Все лето боролся народ за свои права с дубинами и пиками против винтовок. Но плетью обуха не перешибешь, сопротивление стало бесполезным, а смирившись, народ попал в еще большую зависимость от волостных старшин. Снятие с военного учета, устройство на завод (заводских не брали) или освобождение по болезни — ничего не делалось без взятки. Сам крестьянский начальник, Аубакир, волостные заправилы выжимали последний грош у зависимых людей.
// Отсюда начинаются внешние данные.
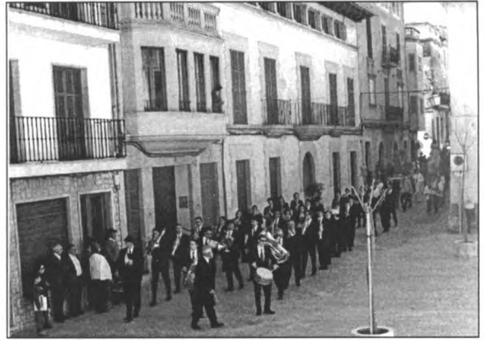
També fou notícia la banda: El Dijous Sant, enguany estrenà nou uniforme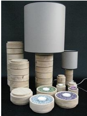
Een urn als lamp

De as van uw dierbare verstrooien op zee behoort ook tot de mogelijkheden.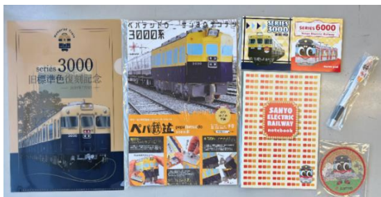
山陽電車ノベルティグッズ詰め合わせ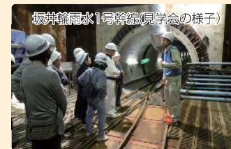
坂井雨水1号幹線(見学会の様子)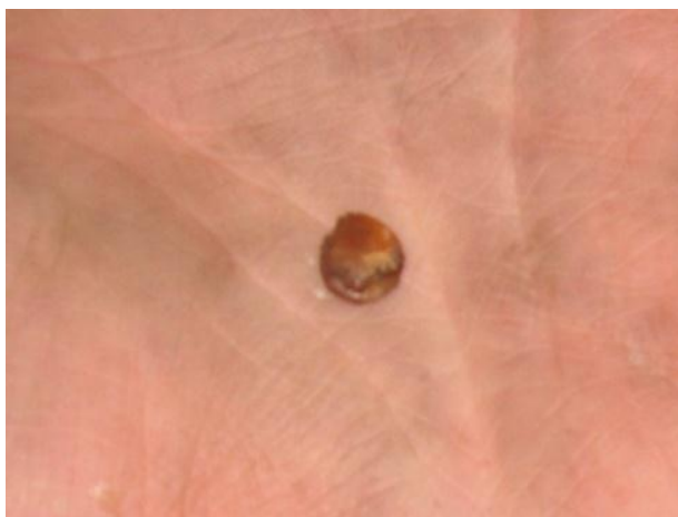
Буриштынавыя пацеркі. Асавец-2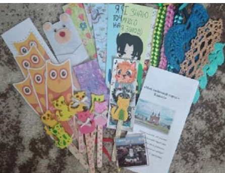
Канск, Красноярский край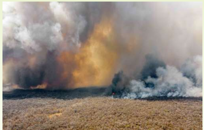
Chiquitania de Bolivia.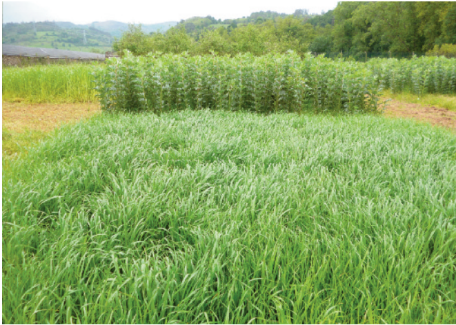
Aspecto general de los cultivos invernales de raigrás italiano y haba forrajera en ensayo en pequeña parcela.

Overview of the Italian ryegrass and the fava bean in experimental plots.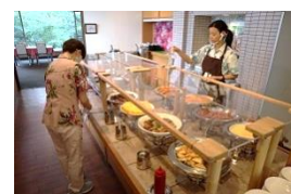
飛沫防止と定期的な清拭消毒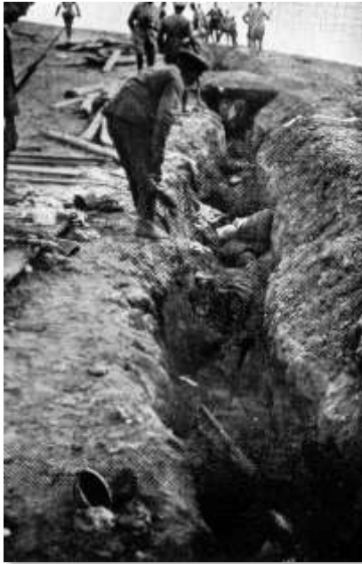
Fig. 4 – Soldados russos mortos no interior de trincheira, perto de Usdam

operacional compensou inferioridade numérica.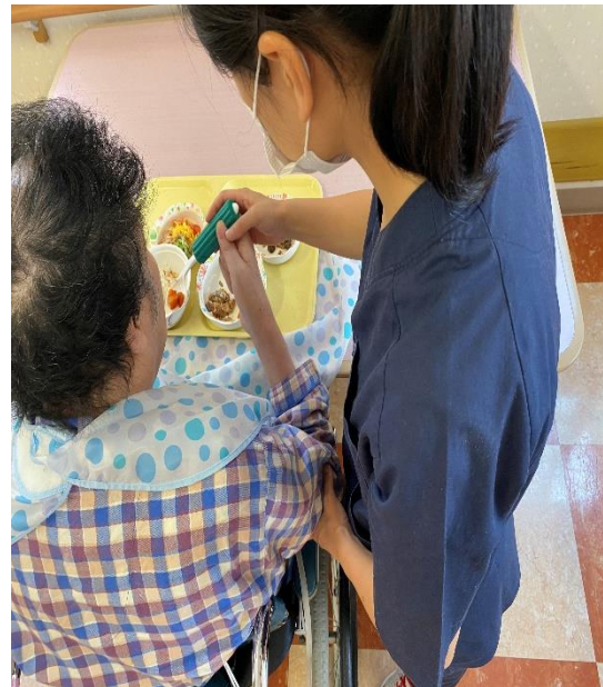
〈日常生活への介入〉

また、趣味的活動や復職に向けた動作訓練なども、患者様のニーズや治療目的に合わせて取り入れていきます。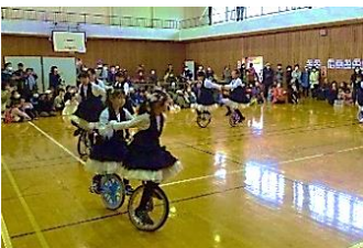
放課後児童クラブの一輪車演技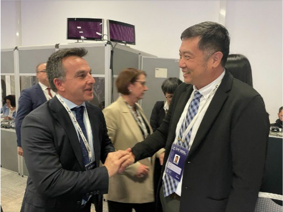
向西班牙代表拜票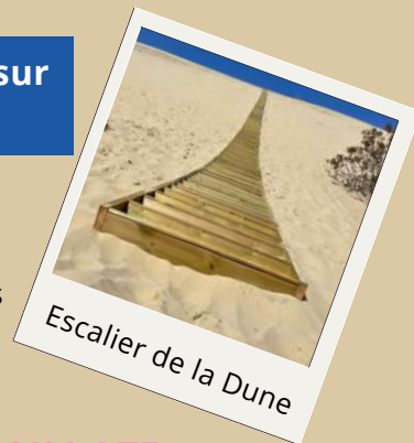
Escalier de la Dune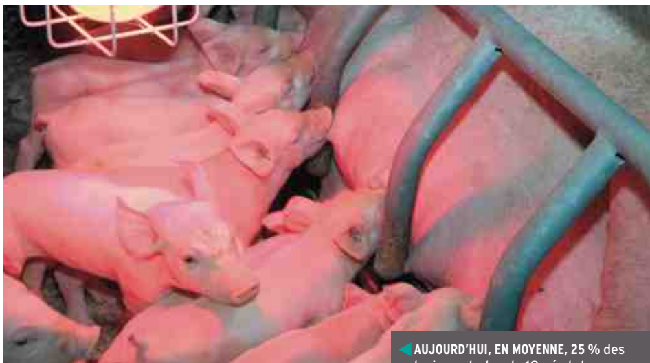
◀ AUJOURD'HUI, EN MOYENNE, 25 % des truies ont plus de 18 nés totaux.

Avec sa nouvelle gamme Nutritec, Vitalac entend réussir le pari d'améliorer à la fois le nombre de porcelets nés, leur poids de naissance et leur vigueur.

Несчастные совали взятку даже фельдшеру Ивану Антоновичу, чтобы получить липовую справку. Наверное, никогда так буйно не расцветала взятка на этой земле, никогда так низко не падали людская честь и совесть. Стервятник ест падаль, и его презирают, а человек в эти дни поедал живого собрата. Толпа, окружившая дом с железной крышей, посреди заводского двора с мольбой взирала на небо. В бездонной синеве островком висело яркое облачко. Легкое, белое, оно казалось самой справедливостью, которой не осталось на земле места.

Сарыбала бесцельно бродил в толпе возле дома с серой крышей. Жуткое зрелище пугало, вызывало в нем жалость к людям и слезы, но уйти, убежать отсюда не было сил.

Из комнаты, где заседала комиссия, вышел парень, совершенно голый, прикрылся руками. Левый глаз у него закрыт большой опухолью.

Сразу же бросились к нему родные.

— Освободили?

— Освободили.

— О аллах, оставил моего единственного! Приношу в жертву барана! — воскликнул старик отец и заплакал (старик дал взятку фельдшеру, и тот капнул в глаз какого-то зелья).

— Чему радуешься, отец? — с горечью проговорил юноша. — Без глаза, наверно, остался… Если бы вернули мне глаз, пошел бы не только на работу, но и на войну.

— Не говори так, жеребенок мой. Попал в беду — жертвы не миновать. Одной голове хватит и одного глаза. Если б я потерял тебя, то лишился бы обоих глаз, — причитал отец.